In conclusion, while protocols like SAML, OAuth, and OpenID Connect offer valuable frameworks, they require careful implementation and awareness of security risks involved with each method. The key takeaway is that developers should not only leverage existing gems and libraries for these protocols but also remain vigilant about the assumptions they make regarding user data and the trustworthiness of the identities being handled.

Who Are You? Delegation, Federation, Assertions and Claims
Lyle Mullican • April 12, 2021 • online • Talk

Identity management? Stick a username and (hashed) password in a database, and done! That's how many apps get started, at least. But what happens once you need single sign-on across multiple domains, or if you'd rather avoid the headache of managing those passwords to begin with? This session will cover protocols (and pitfalls) for delegating the responsibility of identity management to an outside source. We'll take a look at SAML, OAuth, and OpenID Connect, considering both the class of problems they solve, and some new ones they introduce!

RailsConf 2021

00:00:06.020 Hi and welcome! Today we're going to be talking about delegation, federation, assertions, and claims.
00:00:11.059 A little introduction before we get started: My name is Lyle Mullican. You can find me on most social networks under the handle @Mullican.
00:00:17.760 I've been working with Rails for a long time, since version one. I'm currently a principal engineer at PayNearMe.com.
00:00:23.520 We are hiring, so feel free to come talk to me in the Discord chat if you're interested in exploring opportunities there.
00:00:29.460 Today, I'm going to be talking about user authentication, specifically the protocols we use for single sign-on.
00:00:35.880 Before we dive into that, I think it’s worth starting with the question of why we should care about these things as developers.

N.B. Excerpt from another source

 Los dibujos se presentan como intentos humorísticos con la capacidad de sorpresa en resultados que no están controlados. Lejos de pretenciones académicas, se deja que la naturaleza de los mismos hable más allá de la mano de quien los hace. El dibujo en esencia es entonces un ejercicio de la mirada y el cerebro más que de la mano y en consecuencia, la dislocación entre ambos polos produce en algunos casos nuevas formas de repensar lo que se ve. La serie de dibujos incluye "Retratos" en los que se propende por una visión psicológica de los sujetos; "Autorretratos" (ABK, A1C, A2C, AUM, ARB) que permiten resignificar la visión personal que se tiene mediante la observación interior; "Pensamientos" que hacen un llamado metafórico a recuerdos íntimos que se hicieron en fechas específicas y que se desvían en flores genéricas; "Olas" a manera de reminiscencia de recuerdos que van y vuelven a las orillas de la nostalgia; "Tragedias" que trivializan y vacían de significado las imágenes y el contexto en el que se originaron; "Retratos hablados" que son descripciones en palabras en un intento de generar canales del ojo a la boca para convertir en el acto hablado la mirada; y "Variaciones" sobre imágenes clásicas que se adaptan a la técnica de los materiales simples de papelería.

00:00:42.420 I’m probably not in the business of implementing protocol-level details on a daily basis, so why should I care how they work?
00:00:48.660 I think there are two answers to that. The first is that almost all of the security controls we have depend on having a reliable authentication system in place.

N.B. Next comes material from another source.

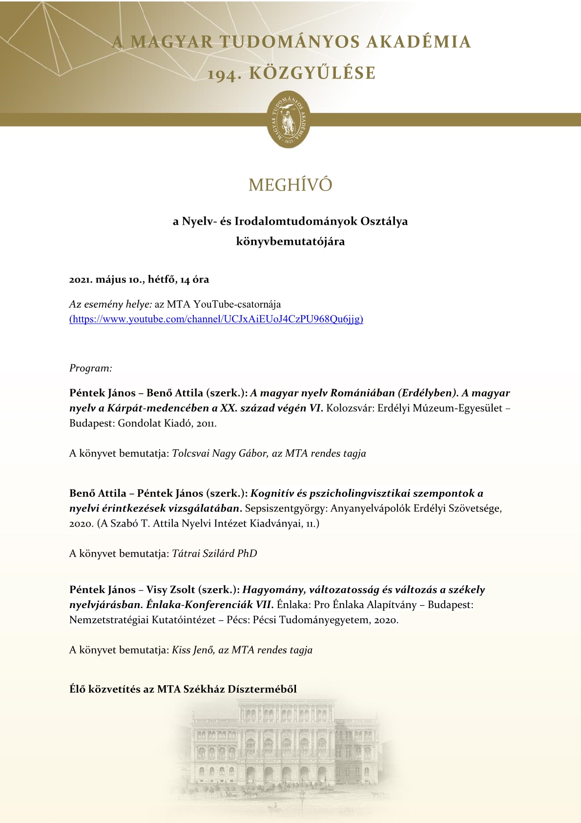 Az esemény helye: az MTA YouTube-csatornája (https://www.youtube.com/channel/UCJxAiEUoJ4CzPU968Qu6jjg )

00:01:01.920 If there’s a way to impersonate a valid user, especially a privileged user, then a lot of the other security controls that we’ve carefully put in place to protect our applications become irrelevant.
00:01:14.280 So I believe that security is a shared responsibility, and every developer should be as educated about it as possible.

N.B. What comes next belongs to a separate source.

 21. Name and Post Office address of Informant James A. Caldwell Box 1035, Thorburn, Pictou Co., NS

00:01:20.280 The second reason, though, is more practical. The law of leaky abstractions applies very much to the concept of user authentication.
00:01:32.880 If this isn’t a term that you’ve heard of before, it was coined almost 20 years ago by Joel Spolsky.
00:01:38.880 It states that all non-trivial abstractions, to some degree, are leaky.
00:01:44.520 So what this means is that as programmers, we benefit from all kinds of abstractions that are meant to protect us from details.
00:01:50.700 This allows us to focus on solving the problems that we care about, but there’s always some point at which those abstractions fail us.
00:01:57.320 The concerns we’re trying to avoid end up leaking through.
00:02:03.000 For Rails developers, one of the most obvious examples of this principle is Active Record.
00:02:09.660 It’s an abstraction meant to protect us from the database so that we can interact with it without needing to understand SQL.
00:02:16.260 However, most of us have encountered cases where that abstraction fails.
00:02:22.560 For performance reasons or other issues, database concerns leak through, and we find that we need to understand things at a lower level.
00:02:29.760 The same is true of authentication systems. Even if the gems or services we use abstract away many concerns around user authentication, at some point those concerns are likely to leak through.
00:02:44.580 Having some knowledge of what's going on at a lower level can serve us well.
00:02:56.580 Today, we’re going to talk about some authentication protocols specifically relevant to web applications.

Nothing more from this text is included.